Wright, however, said it would be OK to mention homosexuality in that context, such as to say homosexuals contract "a high rate of disease."
"I can write the curriculum really simply," Wright said. "If you're homosexual you have a high degree of [contracting] some STD. What else do you need to know? What else do I need to teach?"
Balken, however, said it would make more sense to give teens preventive information than to try to scare them.
"I think that it's unfortunate, and it doesn't serve our community when we rely upon stereotypes that gay and transgender people are more likely to be susceptible to sexually transmitted infections or that gay and transgender people are more likely to be promiscuous," Balken said. "I think it's critically important our teens and obviously our adults have access to accurate, factually based information when we're talking about health and science."
Who will ultimately decide exactly what is taught in sex education courses? • As with most education laws, it would be up to the state school board to write a rule outlining the specifics of how schools should implement the bill, Wojtech said.

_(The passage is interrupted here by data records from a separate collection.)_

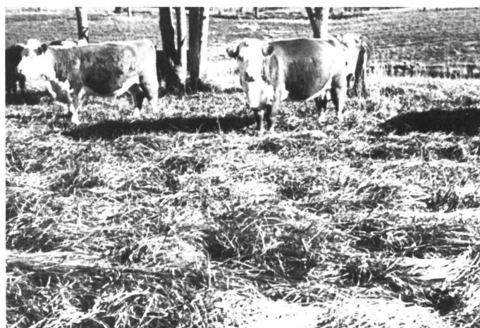
Figure 5. Cows Utilizing Stockpiled Tall Fescue for Winter Grazing.

Tall fescue pastures to be stockpiled should be grazed down to about 2 inches by mid-August and topdressed with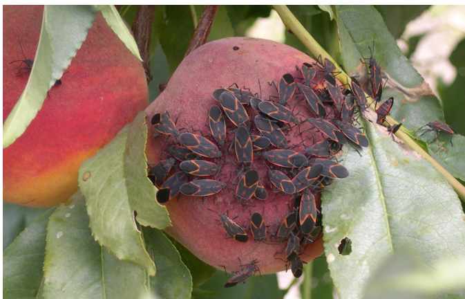
Fig. 7. Boxelder bugs congregating on ripe peach fruit. 3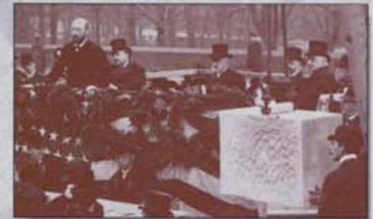
The hero is one who kindles a great light in the world, who sets up blazing torches in the dark streets of life for humanity to see by."

If you feel the call to put ethics into action to preserve and expand our American Democracy, the Social Service Board is set up to energize, empower, and facilitate the ideas and needs of ethical people.

He said a committee composed of parents, legislators, teachers, district level health specialists and representatives from the Utah Department of Health would work to write the rule to reflect the bill if it became law. That rule would then go before the state school board for members' input and approval.

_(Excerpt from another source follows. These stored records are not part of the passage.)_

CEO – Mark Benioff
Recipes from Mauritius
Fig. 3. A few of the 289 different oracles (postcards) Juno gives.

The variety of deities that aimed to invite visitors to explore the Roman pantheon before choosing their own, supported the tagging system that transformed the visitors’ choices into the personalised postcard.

Rally planned for Wednesday
The Alliance for a Better UTAH, a nonprofit, progressive group, is organizing a rally for Wednesday to urge Gov. Gary Herbert to veto HB363. The bill would allow school districts to drop sex education and require those that keep the classes to teach abstinence-only. The rally will be held at the Utah Capitol at 5 p.m. in the Capitol rotunda. The group also plans to deliver to the Governor's Office before the rally a print-out of an online petition also urging him to veto the bill.